Depends on what plants you get. If you can't identify them, pictures are known to help.

Oh and welcome aboard and good luck.


----------



## judya (Jan 23, 2005)

Water sprite, water wisteria, java moss, java fern, maybe valisneria or sagittaria. Light needed depends on whether of not the tank gets any daylight or much room light, how tall the tank is, and which plants you get. The reddish plants tend to need more light than med green ones. Med green ones need more than dark green ones. Water sprite tends to float and so is close to the light hood. Try a few different inexpensive ones nad see what does well for you, then get some more of that type later.


----------



## judya (Jan 23, 2005)

whether OR not


----------



## Whitney (Oct 23, 2006)

Hi Lashalove,

In reading the above posts, I think you're getting some great advice about water conditions and tank health from the people here, so I'm not going to go into too much detail on tank cycling or plants.

I would, however, like to say a few things about the way you're feeding the fish as well as the fish you have in there (I have a couple of suggestions for tank additions once you are sure that your tank is cycled......)

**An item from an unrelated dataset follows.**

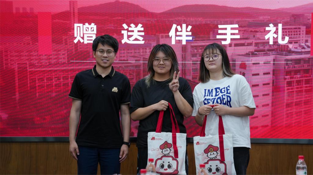 倾情定制,佳礼相赠。李金杰、曹敏、张任分别向同学们赠送学院文创大礼包,希望大家可以铭记在澳门电子pg游戏官网的美好时光,未来取得更大的进步。

First the food....Sounds like you are feeding them too much. Fish can thrive on a surprisingly small amount of food. I read something about fish feeding a couple of weeks ago that made a lot of sense to me. It said that we tend to overfeed our fish because we think of their hunger in terms of when we think WE would be hungry if WE were swimming around all day in a fishtank. But our metabolisms are totally different than that of fish. Most significantly, we're warm-blooded, which means that we expend a great deal of energy and calories regulating our body temperatures. Fish are cold-blooded, so their core temp naturally matches that of the water around them- no work involved. Also, when we swim, we need to work pretty hard to move around, especially when going up and down. Fish, having been designed for water, move around with very little effort, particularly up and down, as they can adjust their boyancy at will and with great ease by using their swim bladder. Keeping all that in mind, it is also good to know that fish in the wild often go several days without eating, and engage in much more strenuous activities to obtain their food than fish in our tanks do. This isn't to say that you should wait several days between feedings, but a small pinch once a day should do it. 

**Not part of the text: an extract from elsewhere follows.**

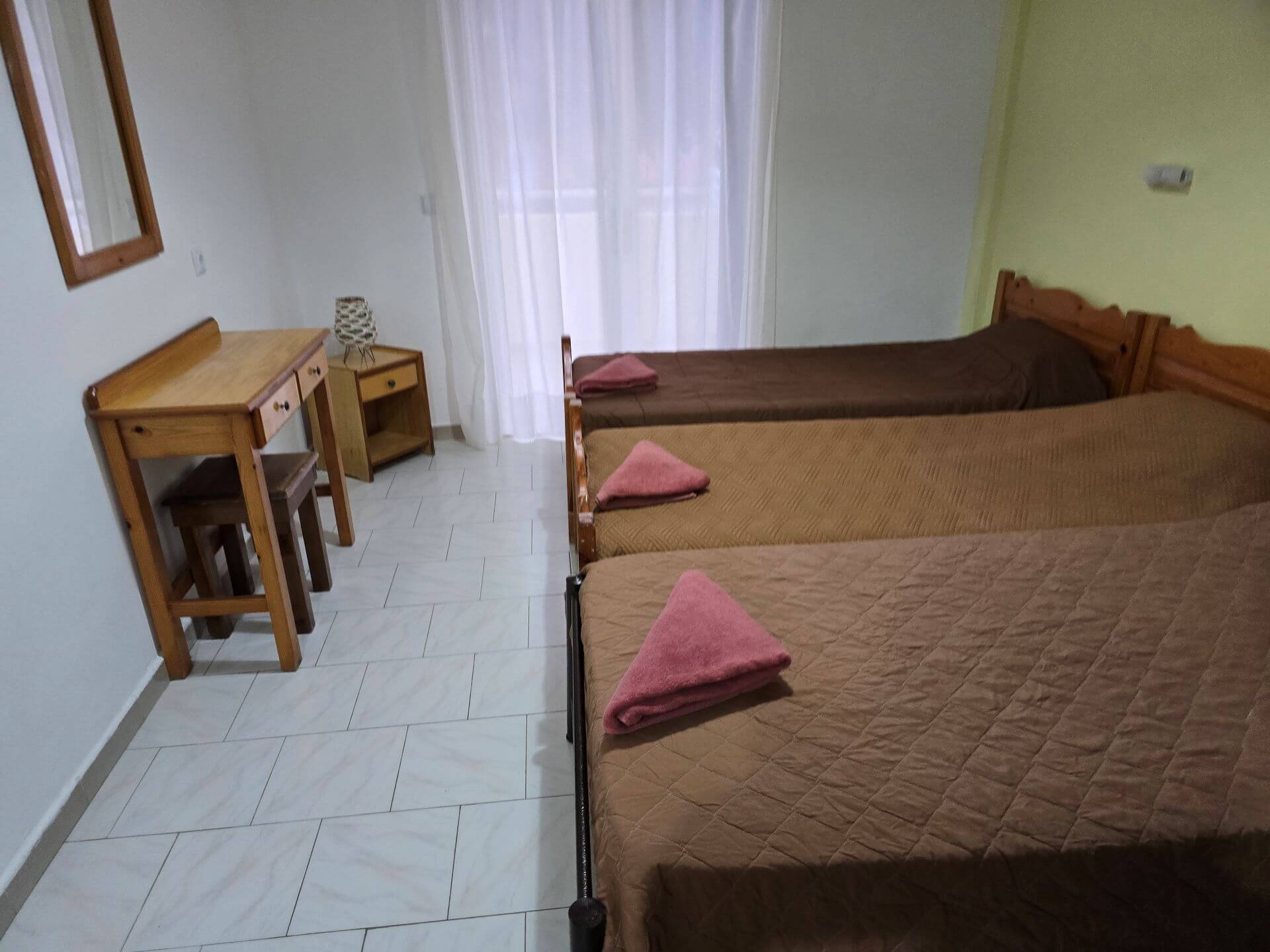 - Dimenzije ležaja u Grčkoj se razlikuju od naših standarda (ležaj/krevet je dužine 185 – 190 cm, a širine, standardno 75 – 90 cm i francuski-bračni 120 – 140 cm). Broj osoba iz cenovnika ne znači i broj kreveta u studiu/apartmanu, već mogućnost da se smesti taj broj osoba, bilo u standardnim bilo u bračnim krevetima. Treći ležaj u sobi u hotelu Andreas je kvalitetna sofa, na razvlačenje.

Also, I'd like to suggest that you consider adding small pellet food to their diet (you can replace the flakes with it or do half-and-half or alternate days). An advantage of sinking pellets is that they, well, sink...which gives the bottom dwellers a chance to get some food as well, without forcing you to overfeed to get it. I use Spectrum Small Fish formula....I really like it because it hangs at the top for a few seconds (allowing my surface feeders to get some) and then sinks down for my bottom guys. I also supplement my algae eaters with peices of fruit (zuccini, apple) and algae wafers every few days. It's great that you use bloodworms, that's good for everyone. 

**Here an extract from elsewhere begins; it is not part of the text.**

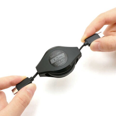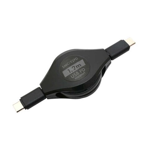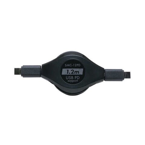 ナカバヤシ USB-C ⇔ USB-Cケーブル巻き取り式 ブラック 1.2m USB Power Delivery対応 [SMC12PD] SMC-12PD

Now.....For the diatoms..... You already have a common pleco in there...so if he's not getting the job done....

Another idea is cleaner shrimp. Get an army of ghost or cherry shrimp (or both) and they'll clean your tank without adding significantly to the bioload. I also find them quite interesting to watch (I have cherry shrimp, which look like tiny little lobsters). An advantage of the cherries is that they will eat some algae that other species will not, such as hair algae. 

I think that you need to flesh out some of your schools......some fish like being in large groups. Here's the list of fish you have...let's go through it item by item.....

"2 bloodfin tetras
* 2 black tetras
* 2 white skirt tetras"

-Do all of these guys school together as a group? If so, they may be ok just as they are (or perhaps you want to add one more of each kind to create a school of 9)- if they do not currently school together, I'd suggest either adding three more of each (thus creating 3 schools of 5) or returning 1 or 2 of the pairs and adding to the remaining species.

* 2 harlequin raspboras

-Definitely, DEFINITELY get several more of these or bring the two you have back to the store. They really do better in groups- and they look better as well. Large schools of them are very attractive to watch...when they're by themselves, they get lost in the backround. If you'd like something with a little more color than the harlequins, you can look for Espei Rasboras or Hengel Rasboras. They look almost identical, but are slightly smaller, and have more brilliant coloring. Espei, Hengel, and Harlequins will school together as if they were the same species. 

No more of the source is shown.